My bad, the above simple example did not expose the LTO error. Just used to show the IR generated for the array access.

The LTO error only happens with multi-dimension array, whose inner dimensions are VLA.  And the outermost dimension is flexible array member.  Like following:


   void __attribute__((__noinline__)) setup_and_test_vla (int n1, int n2, int m)
{
   struct foo {
       int n;
       int p[][n2][n1] __attribute__((counted_by(n)));
   } *f;

   f = (struct foo *) malloc (sizeof(struct foo) + m*sizeof(int[n2][n1]));
   f->n = m;
   f->p[m][n2][n1]=1;
   return;
}
 
And the IR for the routine “setup_and_test_vla” is:

{
  typedef struct foo struct struct foo;
  struct foo * f;

  SAVE_EXPR <n1>;, SAVE_EXPR <n2>;;, {
        typedef struct foo struct struct foo;
  };
    struct foo * f;
  f = (struct foo *) malloc (0, SAVE_EXPR <n1>;, SAVE_EXPR <n2>;;, ((long unsigned int) m * (long unsigned int) ((sizetype) SAVE_EXPR <n1> * (sizetype) SAVE_EXPR <n2>) + 1) * 4;);
  f->n = m;
  (*(.ACCESS_WITH_SIZE ((int[0:(sizetype) ((long int) SAVE_EXPR <n2> + -1)][0:(sizetype) ((long int) SAVE_EXPR <n1> + -1)] *) &f->p, &f->n, 1, 32, -1) + (sizetype) (((long unsigned int) m * (long unsigned int) ((sizetype) SAVE_EXPR <n1> * (sizetype) SAVE_EXPR <n2>)) * 4)))[n2][n1] = 1;
  return;
}



> so the mistake, if any, should be that you need to unshare the size
> expressions you are using as
> argument to .ACCESS_WITH_SIZE?

Hm, I tried that in the beginning, but didn’t work. I will check again. 

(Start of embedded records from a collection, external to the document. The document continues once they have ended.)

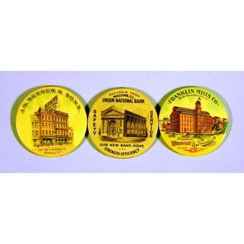 Three Celluloid Pocket Mirrors including Seegers Furniture-Buffalo, NY, Union National Bank-Macomb, IL and Franklin Mills, Lockport, NY. Excellent condition. 2 inch diameter.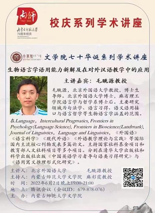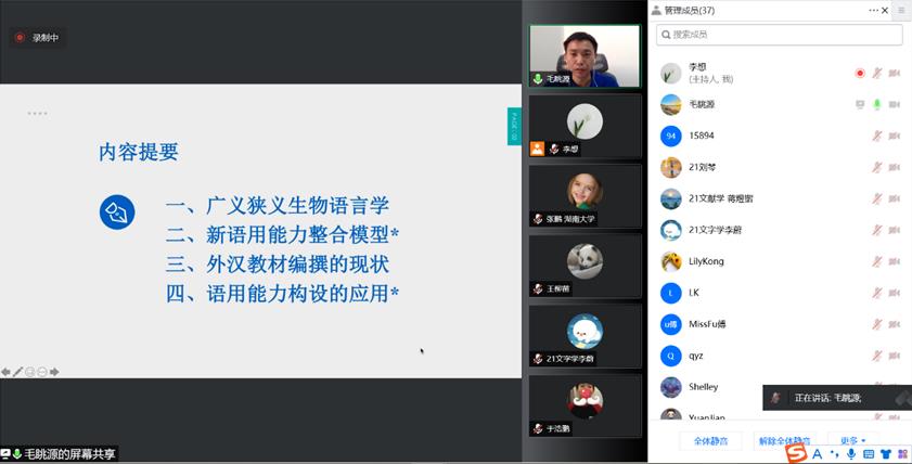 2022年6月2日晚,我院邀请北京外国语大学教授、博士生导师毛眺源作了题为《生物语言学语用能力新解及在对外汉语教学中的应用》的学术讲座。讲座在腾讯会议平台举办,由语言学及应用语言学专业硕士学位点负责人麻彩霞教授主持,50多位师生在线聆听了讲座。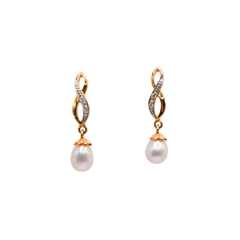 18ct Yellow Gold Infinity Style Pear Shaped Cultured Pearl Dropper Earrings with Two Small Diamonds In A Rhodium Setting Along The Infinity Sign with butterfly Back Studs.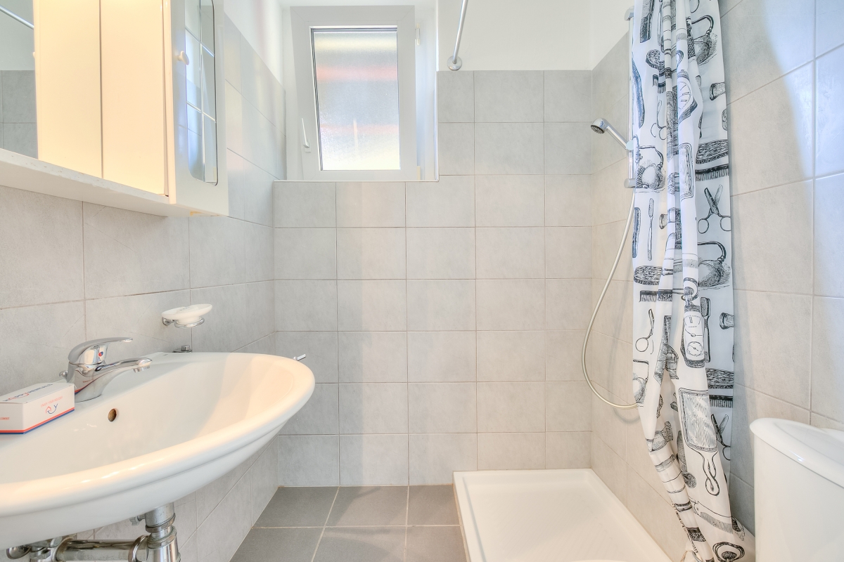 Bathroom 1: The modern bathroom has a shower, a washbasin and a WC

>  Mind, you are replacing an ARRAY_REF
> with a pointer indirection
> as well

Yes, this is for resolving a very early gimplification issue as I reported last Nov:
https://gcc.gnu.org/pipermail/gcc-patches/2023-November/638793.html

Since no-one responded at that time, I fixed the issue by replacing the ARRAY_REF
With a pointer indirection:
https://gcc.gnu.org/pipermail/gcc-patches/2023-December/639605.html

The reason for such change is:  return a flexible array member TYPE is not allowed
 by C language (our gimplification follows this rule), so, we have to return a pointer TYPE instead. 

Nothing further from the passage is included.